> Data provided:
++++++++++++++++++++

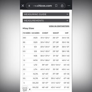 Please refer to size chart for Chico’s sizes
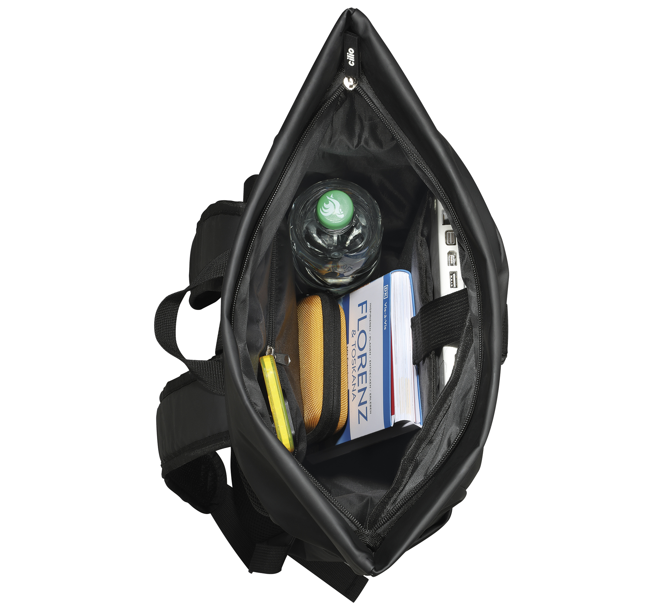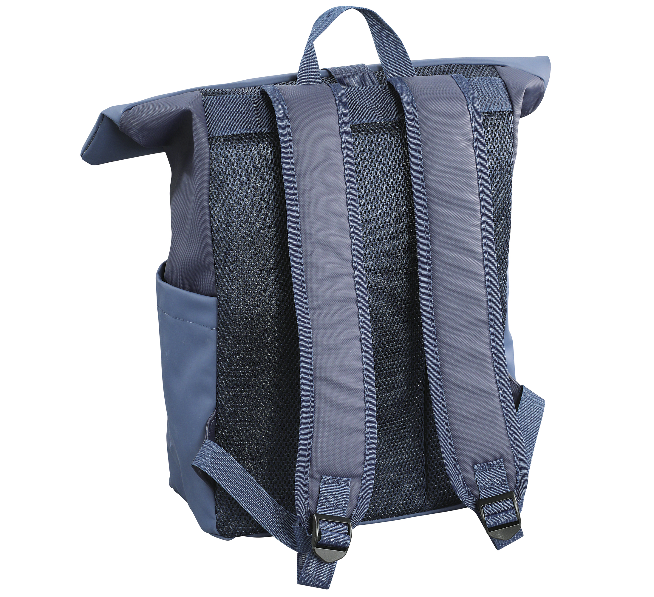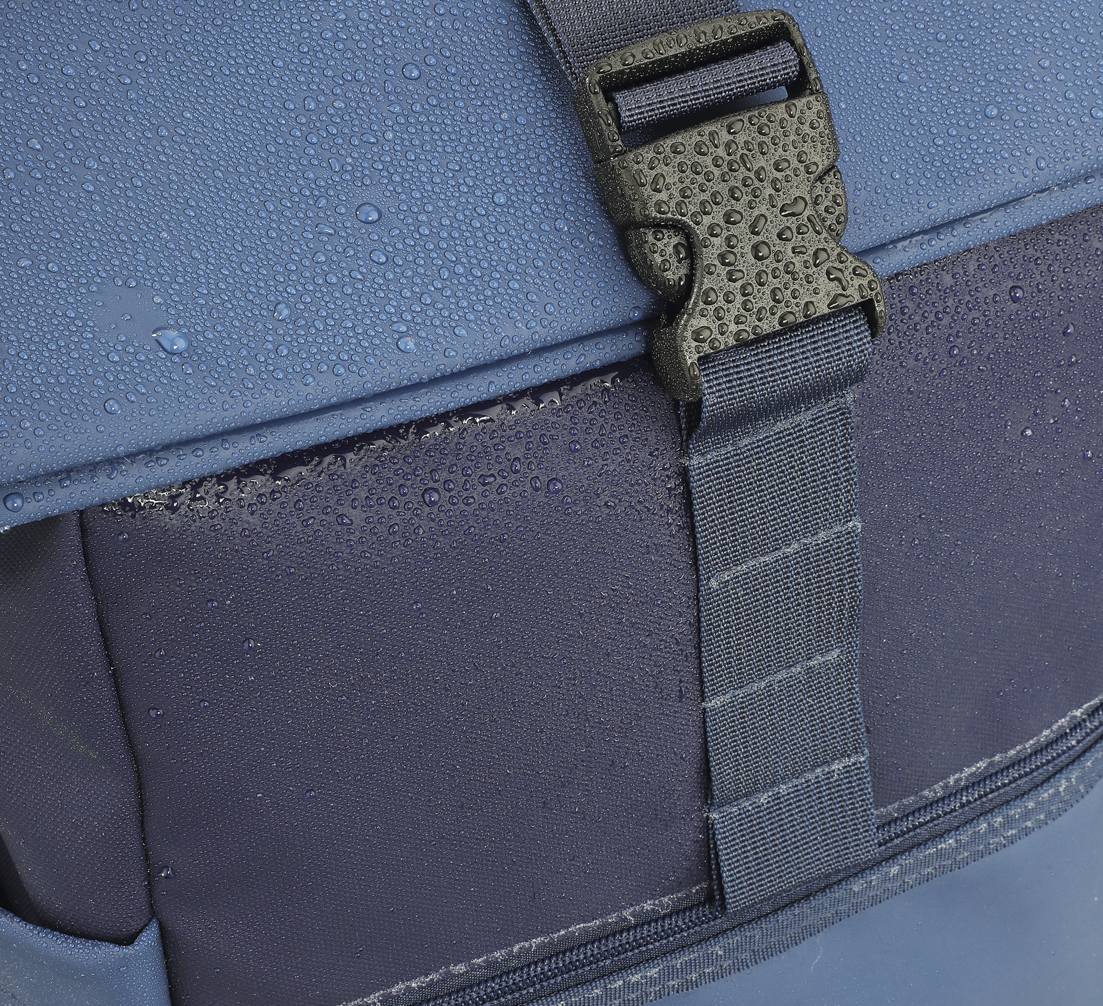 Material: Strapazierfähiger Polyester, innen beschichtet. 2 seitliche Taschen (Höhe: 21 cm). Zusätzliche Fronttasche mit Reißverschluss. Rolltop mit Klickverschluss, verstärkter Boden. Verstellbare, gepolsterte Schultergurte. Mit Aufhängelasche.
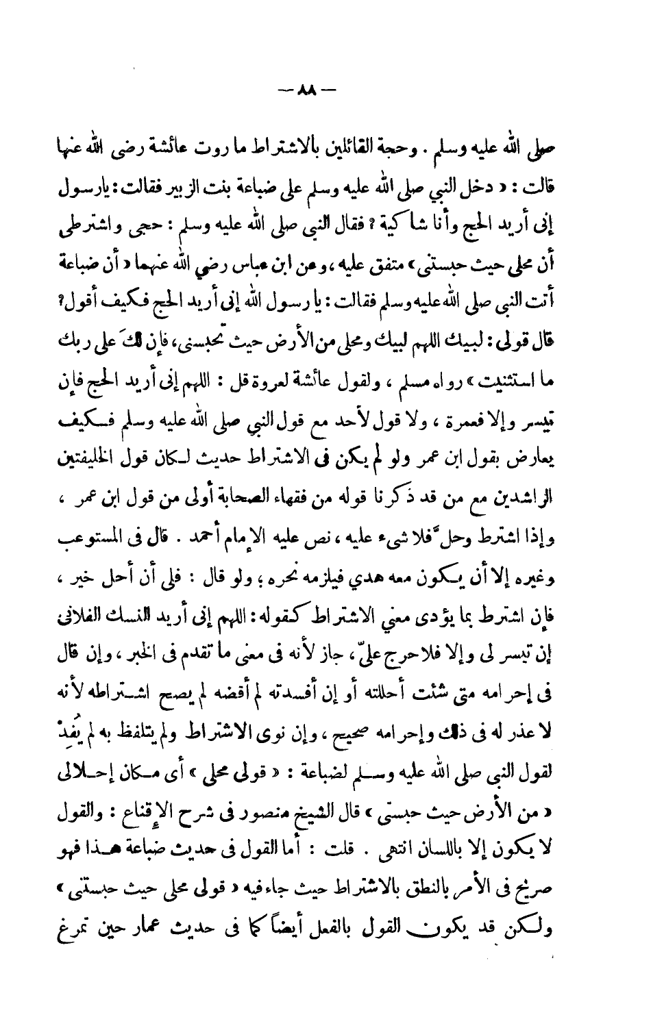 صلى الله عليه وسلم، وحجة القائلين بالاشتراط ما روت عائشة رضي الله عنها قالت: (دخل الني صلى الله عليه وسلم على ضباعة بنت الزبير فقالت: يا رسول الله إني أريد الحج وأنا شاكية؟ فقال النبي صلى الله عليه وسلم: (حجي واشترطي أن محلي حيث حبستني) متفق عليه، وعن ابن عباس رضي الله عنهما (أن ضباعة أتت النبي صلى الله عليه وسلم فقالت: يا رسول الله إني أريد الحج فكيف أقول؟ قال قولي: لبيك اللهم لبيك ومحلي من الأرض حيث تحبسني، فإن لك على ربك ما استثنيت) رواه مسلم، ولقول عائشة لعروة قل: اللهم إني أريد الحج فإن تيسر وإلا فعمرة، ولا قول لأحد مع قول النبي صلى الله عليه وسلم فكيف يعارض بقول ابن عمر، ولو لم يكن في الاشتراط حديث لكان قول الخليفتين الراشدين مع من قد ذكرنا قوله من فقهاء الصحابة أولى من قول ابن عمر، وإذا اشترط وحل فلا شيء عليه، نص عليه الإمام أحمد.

++++++++++++++++++++

> Problem description: The whole listing is to be duplicated verbatim, apart from its images.

> Solution below:
 Please refer to size chart for Chico’s sizes
 Material: Strapazierfähiger Polyester, innen beschichtet. 2 seitliche Taschen (Höhe: 21 cm). Zusätzliche Fronttasche mit Reißverschluss. Rolltop mit Klickverschluss, verstärkter Boden. Verstellbare, gepolsterte Schultergurte. Mit Aufhängelasche.
 صلى الله عليه وسلم، وحجة القائلين بالاشتراط ما روت عائشة رضي الله عنها قالت: (دخل الني صلى الله عليه وسلم على ضباعة بنت الزبير فقالت: يا رسول الله إني أريد الحج وأنا شاكية؟ فقال النبي صلى الله عليه وسلم: (حجي واشترطي أن محلي حيث حبستني) متفق عليه، وعن ابن عباس رضي الله عنهما (أن ضباعة أتت النبي صلى الله عليه وسلم فقالت: يا رسول الله إني أريد الحج فكيف أقول؟ قال قولي: لبيك اللهم لبيك ومحلي من الأرض حيث تحبسني، فإن لك على ربك ما استثنيت) رواه مسلم، ولقول عائشة لعروة قل: اللهم إني أريد الحج فإن تيسر وإلا فعمرة، ولا قول لأحد مع قول النبي صلى الله عليه وسلم فكيف يعارض بقول ابن عمر، ولو لم يكن في الاشتراط حديث لكان قول الخليفتين الراشدين مع من قد ذكرنا قوله من فقهاء الصحابة أولى من قول ابن عمر، وإذا اشترط وحل فلا شيء عليه، نص عليه الإمام أحمد.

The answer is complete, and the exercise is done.